Abul Ghaim Al-Husaini bercerita, “Di suatu hari di musim panas, aku berada di atap madrasah Syaikh Abdul Qadir dan beliau berada di depanku, sedang duduk menghadap kiblat. Kemudian aku melihat seorang pria berpakaian putih memakai serban dengan ekor serban di antara dua pundaknya sedang meluncur dari udara. Tepat di atas Syaikh, ia menukik turun seperti seekor burung elang yang menyambar mangsanya dan duduk di hadapan sang Syaikh. Setelah mengucapkan salam kepada sang Syaikh orang tersebut kembali terbang dan menghilang dari pandangan mata. Aku bangkit mencium tangan sang syaikh dan bertanya tentang orang tersebut. Beliau menjawab, ‘Dia adalah salah seorang rijal al Ghaib yang sedang berkelana’.
Syaikh Abu Umar dan Utsman As-Shairafi serta Syaiikh Abu Muhammad Abdul Haq Al-Harimi meriwayatkan, “Kami sedang berada di hadapan sang Syaikh pada hari minggu tanggal 3 Safar 555 H, tiba – tiba beliau bangkit dan berwudhu dengan beralaskan qabqab (alas kaki dari kayu) lalu shalat 2 reka’at. Setelah salam, tiba-tiba beliau berteriak dengan sangat kerasnya dan melemparkan qabqab tersebut ke udara yang kemudian menghilang dari pandangan kami. Lalu brliau berteriak keras dan melemparkan pasangan qabqab yang satu lagi ke udara dan juga kemudian menghilang dari pandangan kami. Tidak ada seorang pun dari kami yang berani bertanya kepada beliau mengenai hal tersebut.
Dua puluh tiga hari kemudian datanglah serombongan kafilah. Mereka berkata, kami memiliki barang yang dinadzarkan kepada sang Syaikh dan meminta izin untuk bertemu dengan beliau. Sang Syaikh memberikan izin dan memerintahkan untuk mengmabil barang tersebut. Mereka memberi kain sutera, emas dan qabqab milik sang Syaikh yang dilemparkan ke udara. ‘Bagaimana engkau mendapatkan qabqab ini ?’ Tanya kami kepada mereka. Mereka berkisah, ‘Di tengah perjalanan pada tanggal 3 Safar, kami dihadang oleh sekawanan perampok yang dipimpin oleh dua orang. Sebagian rombongan kami di bunuh, dan seluruh harta kami dirampas. Mereka kemudian berkumpul di sebuah wadi untuk membagi hasil rampokan. Kami berkata, ‘Bagaimana jika kita memberikan sebagian harta kita kepada Syaikh Abdul Qadir jika kita berhasil selamat saat ini’. Baru saja ucapan tersebut selesai, kami mendengarkan teriakan keras yang mengguncang wadi. Dan kami juga melihat semua kawanan perampok bercerai berai. Saat itu kami mengira bahwa telah datang seseorang yang menghabisi mereka.
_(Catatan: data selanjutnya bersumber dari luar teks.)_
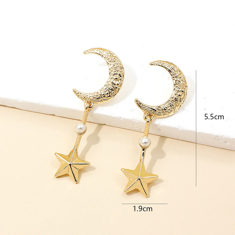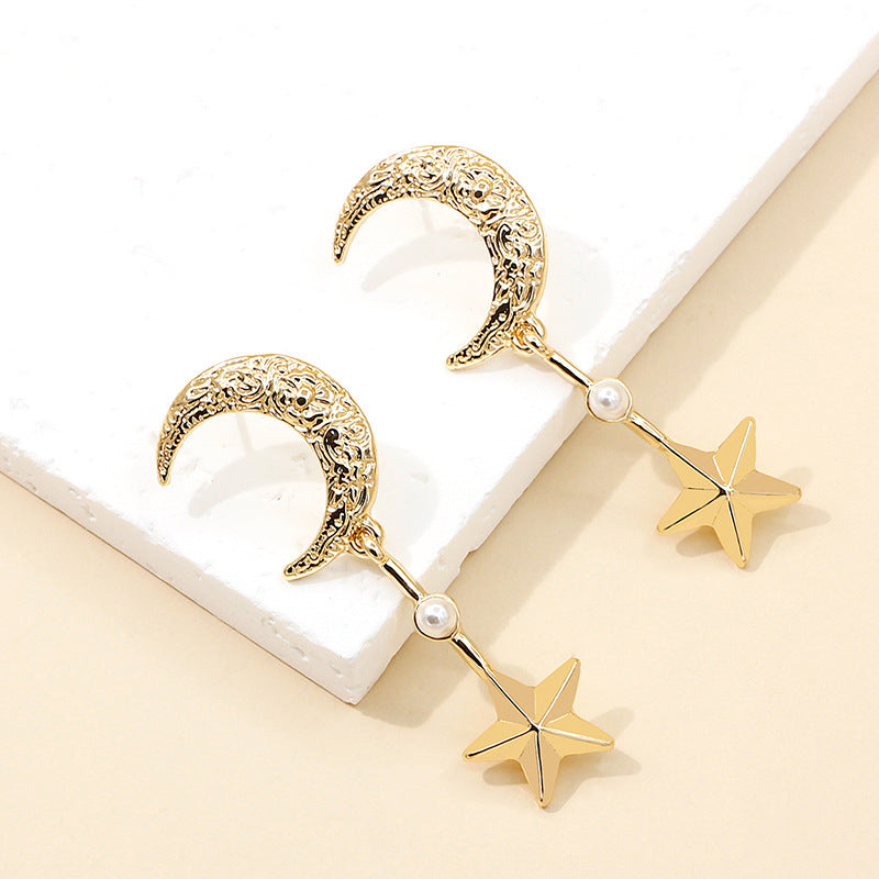 Women’s Korean Moon and Star Earrings – Trendy Alloy Fashion Jewelry -
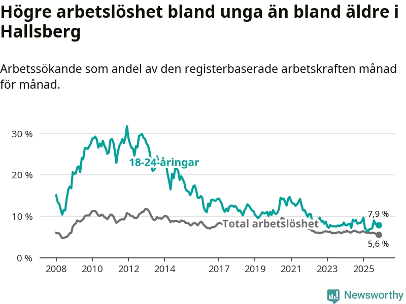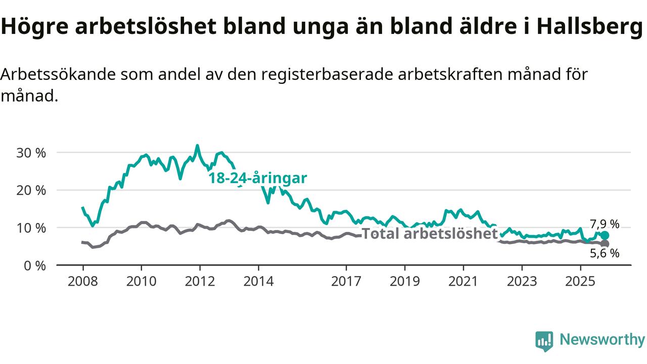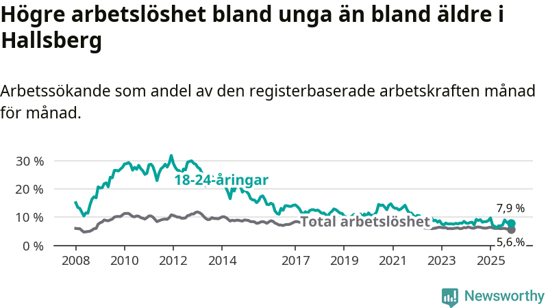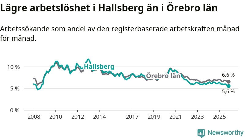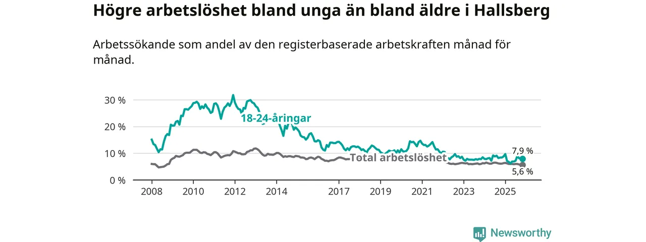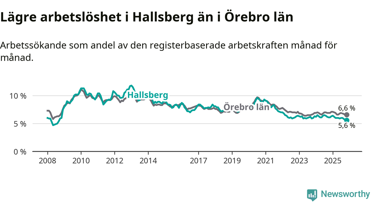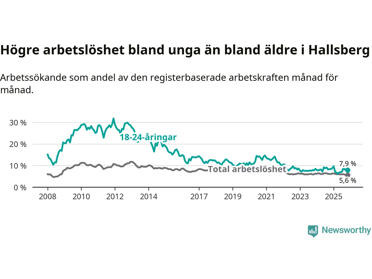 Medan Hallsberg har lägre total arbetslöshet än Örebro, ligger ungdomsarbetslösheten 1,0 procentenheter högre i Hallsberg.

Diantara mereka ada yang mendatangi kami dan berkata, “Kemarilah kalian dan ambil harta kalian, tetapi tolong perhatikan apa yang menimpa kami”. Kamipun mengikutinya dan mendapati kedua pemimpin mereka telah tewas dengan qabqab yang masih basah di samping masing-masing mayat. Mereka mengembalikan semua harta kami dan mereka berkata, “Ini adalah pertanda buruk”.
Syaikh Muhammad bin Al-Qaid Al-Awani berkata, “ada seekor elang yang lewat di atas majlis Syaikh Abdul Qadir al Jailani dan mengeluarkan suara yang mengganggu orang-orang yang sedang menghadiri majlis sang Syaikh, dan saat itu sedang musim angin. Maka berkatalah Syaikh Abdul Qadir, “Hai angin ambilah kepala elang itu !”. dan seketika itu pula si burung elang jatuh dalam keadaan kepala terpisah dari badannya. Kemudian Syaikh Abdul Qadir turun dari kursinya dan mengambil kepala elang itu kmeudian mengusap bagian tubuh elang tersebut seraya mengucapkan “BismiLlahiRrahmaaniRrahiim”. Maka burung elang tersebut hidup kembali dan terbang atas izin Allah Dengan disaksikan oleh orang-orang yang hadir.